Missing metadata key in results?

Good afternoon from the Philippines. I’m pretty new to Pinecone. When i run this code it seems that the metadata, ‘text’ is missing

# Embed and index dataset
batch_size = 100

for i in tqdm(range(0, len(data), batch_size)):
    i_end = min(len(data), i+batch_size)
    batch = data.iloc[i:i_end]
    ids = [f"{x['doi']}-{x['chunk-id']}" for _, x in batch.iterrows()]
    texts = [x['chunk'] for _, x in batch.iterrows()]
    embeds = embed_model.embed_documents(texts)
    metadata = [{'text': x['chunk'], 'source': x['source'], 'title': x['title']} for _, x in batch.iterrows()]
    index.upsert(vectors=zip(ids, embeds, metadata))

text_field = "text"

# Initialize vector store
vectorstore = PineconeVectorStore(index, embed_model, text_field)

# Define function to augment prompt with context
def augment_prompt(query: str):
    results = vectorstore.similarity_search(query, k=3)
    for result in results:
        print("Available keys in metadata:", result.metadata)
    source_knowledge = "\n".join([x.metadata.get('text', 'No text available in metadata') for x in results])
    augmented_prompt = f"""Using the contexts below, answer the query.

    Contexts:
    {source_knowledge}

    Query: {query}"""
    return augmented_prompt

It returns these results
Available keys in metadata: dict_keys([‘source’, ‘title’])
Available keys in metadata: dict_keys([‘source’, ‘title’])
Available keys in metadata: dict_keys([‘source’, ‘title’])

In my vector db, i’ve already upserted the text, source, and title with no issue. It’s just when i retrieve the metadata that there happens to be an issue. I’m trying to build a chatbot if it’s any relevant.

1 Like

Having a similar issue. I’m keep receiving results that say that ‘text’ fields doesn’t exist in the dictionary of the query result.

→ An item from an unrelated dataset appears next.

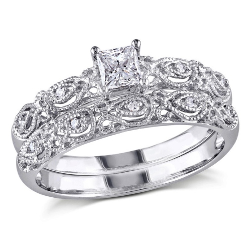 This majestic bridal ring set is composed of an engagement ring that features a princess-cut white center stone accented by four round white diamond side stones, while the wedding band is designed with five additional diamonds. The divine pair is crafted of 10-karat white gold and shimmers with a high polish finish.
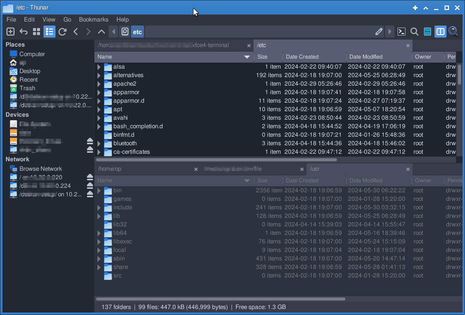 You probably also need to hack the CSS for Thunar to be able to make use of the two panels successfully, since which one has focus is not distinguishable with the default settings, uurgs! It's a lot of work and there are basically no CSS classes inside the Thunar executable to make life easy.

This only happens in the last iteration of the dictionary.

This is the error that I get when I try to create a list comprehension of just ‘text’ fields of the metadata:

PineconeApiAttributeError: ScoredVector has no attribute 'text' at ['['received_data', 'matches', 9]']['text']

I have no idea where ‘received_data’ came from.

This is the structure of my query results. I have 10 of these dictionaries inside the list.:

{'id': '82f2.........980c',
              'metadata': {'filename': 'abc.pdf',
                           'page_number': 120,
                           'text': 'Hello there'
              }
}

I ran following code for debugging:

for i, entry in enumerate(query_results['matches']):
    has_metadata = 'metadata' in entry
    has_text = has_metadata and 'text' in entry['metadata']
    print(f"Index {i}: has_metadata={has_metadata}, has_text={has_text}")

And got the following results:

Index 0: has_metadata=True, has_text=True
Index 1: has_metadata=True, has_text=True
Index 2: has_metadata=True, has_text=True
Index 3: has_metadata=True, has_text=True
Index 4: has_metadata=True, has_text=True
Index 5: has_metadata=True, has_text=True
Index 6: has_metadata=True, has_text=True
Index 7: has_metadata=True, has_text=True
Index 8: has_metadata=True, has_text=True
Index 9: has_metadata=True, has_text=False

It shows that only the last iteration doesn’t have ‘text’ field for some reason. But I manually checked the query result and that chunk does have ‘text’ metadata field.

Another thing I tried is when I do len(query_results), it shows 10. But when I do a for loop and iterate over query_results, it only prints the top 9. It’s almost as if the last one doesn’t even exist.

Does anyone have any idea why this is happening or how to resolve it?